Crime or no crime, unscrupulous business executives still use bribes to secure contracts, crooked leaders loot public coffers, and dishonest politicians and “public” servants line their pockets. Such problems are not confined to poor countries; even some of the wealthiest have difficulty mustering the political will to enforce laws and secure sufficient resources for watchdogs and prosecutors.
But those on the front lines say the dragnet is being pulled tighter in the battle against kleptocracy. Success stories include these:
• Pavlo Lazarenko, a former Ukrainian prime minister, was sent to prison for nine years and fined $10 million by a U.S. judge in San Francisco in 2006 for money laundering, wire fraud and transporting stolen goods. Authorities are still trying to recover more than $100 million he is suspected of stealing during two turbulent years (1996–97) at the top.
• Earlier this year, a court in Las Vegas sentenced two former managers of Bank of China to more than 20 years in prison for financial fraud, racketeering and other crimes. The two and an accomplice stole close to $500 million from the state-owned bank and fled to the United States.
• It took 18 years, but the Philippines in 2004 got back $624 million that dictator Ferdinand Marcos had stashed in Swiss banks.
• U.S. authorities in Miami froze $110 million in bank accounts traced to a notorious public corruption case in Italy. The laundered money was part of a windfall reaped by heirs of industrialist Angelo Rovelli, who bribed Italian judges to rule in his favor in a business dispute.

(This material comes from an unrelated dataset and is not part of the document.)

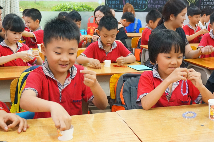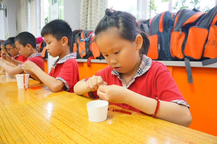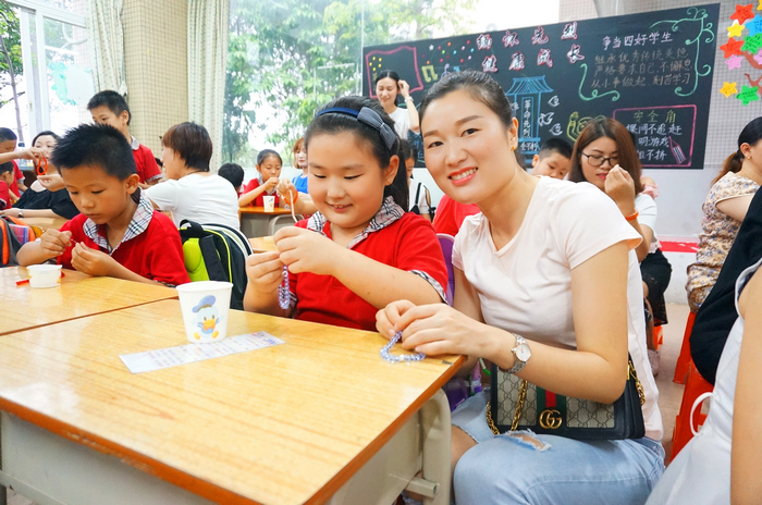 本次活动在温情的音乐声中开始,博文学子为母亲动情地唱起《感恩的心》,诵起《游子吟》。晶莹透亮的珠子闪烁着动人的光芒,孩子们拿起手中线,一颗一颗珠子仔细地串着,那专注的眼神和小心翼翼的模样感动着到场的每一位母亲。

The Siemens AG case, in which the engineering giant agreed to pay German and U.S. authorities $1.6 billion for bribing public officials around the world to win huge contracts, was the product of a jointly choreographed probe begun after the aggressive Munich Public Prosecutor staged predawn raids in 2006 on the homes of dozens of Siemens executives.

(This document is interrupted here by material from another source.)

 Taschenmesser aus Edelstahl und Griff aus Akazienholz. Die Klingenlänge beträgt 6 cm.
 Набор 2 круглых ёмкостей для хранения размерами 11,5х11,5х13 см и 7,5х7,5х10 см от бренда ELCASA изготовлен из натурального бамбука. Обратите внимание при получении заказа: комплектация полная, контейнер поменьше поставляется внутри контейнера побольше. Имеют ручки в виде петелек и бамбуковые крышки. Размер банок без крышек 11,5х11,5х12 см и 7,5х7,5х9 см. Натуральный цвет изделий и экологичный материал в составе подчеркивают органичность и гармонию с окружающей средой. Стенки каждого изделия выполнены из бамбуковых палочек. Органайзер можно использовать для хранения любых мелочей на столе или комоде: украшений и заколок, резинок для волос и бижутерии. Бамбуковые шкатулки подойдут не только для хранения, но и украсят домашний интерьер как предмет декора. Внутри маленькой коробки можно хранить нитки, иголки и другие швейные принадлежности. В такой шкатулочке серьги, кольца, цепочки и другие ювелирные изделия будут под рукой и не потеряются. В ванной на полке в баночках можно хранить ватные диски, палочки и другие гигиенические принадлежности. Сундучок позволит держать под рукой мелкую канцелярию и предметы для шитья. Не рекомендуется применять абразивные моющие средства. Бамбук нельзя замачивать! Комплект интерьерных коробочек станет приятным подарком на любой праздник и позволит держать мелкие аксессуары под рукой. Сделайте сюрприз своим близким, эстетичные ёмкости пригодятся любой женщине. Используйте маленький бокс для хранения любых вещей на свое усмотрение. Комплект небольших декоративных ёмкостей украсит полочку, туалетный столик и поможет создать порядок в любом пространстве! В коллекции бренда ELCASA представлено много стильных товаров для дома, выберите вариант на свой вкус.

Barbara Stockinger, spokeswoman for the Munich prosecutor, said that after requesting mutual legal assistance, German authorities worked closely with their U.S. counterparts (including prosecutors from the U.S. Department of Justice, FBI agents and Securities and Exchange Commission investigators) to build their cases and wrap them up simultaneously in December 2008. The teamwork proved “exceptionally productive,” Stockinger said.

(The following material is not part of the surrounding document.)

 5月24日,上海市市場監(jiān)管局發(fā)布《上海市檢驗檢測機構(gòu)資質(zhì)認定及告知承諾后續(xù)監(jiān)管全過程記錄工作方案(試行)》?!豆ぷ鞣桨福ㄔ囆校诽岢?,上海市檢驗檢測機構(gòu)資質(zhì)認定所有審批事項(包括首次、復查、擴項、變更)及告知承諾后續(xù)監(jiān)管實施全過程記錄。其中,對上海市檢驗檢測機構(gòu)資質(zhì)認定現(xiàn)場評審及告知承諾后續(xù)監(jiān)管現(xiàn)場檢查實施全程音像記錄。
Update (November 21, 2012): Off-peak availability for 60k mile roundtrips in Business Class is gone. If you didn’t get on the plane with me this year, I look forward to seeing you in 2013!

“It was a real partnership. It wasn’t just responding to formal requests,” Mendelsohn said. “It was a landmark in international cooperation.”
Mendelsohn’s office now enjoys similarly close partnerships with several other countries’ prosecutors. And that’s the way it should be, he said. “The Justice Department cannot police the entire world. We need the German authorities, British, French, Japanese and everybody else to do their part.”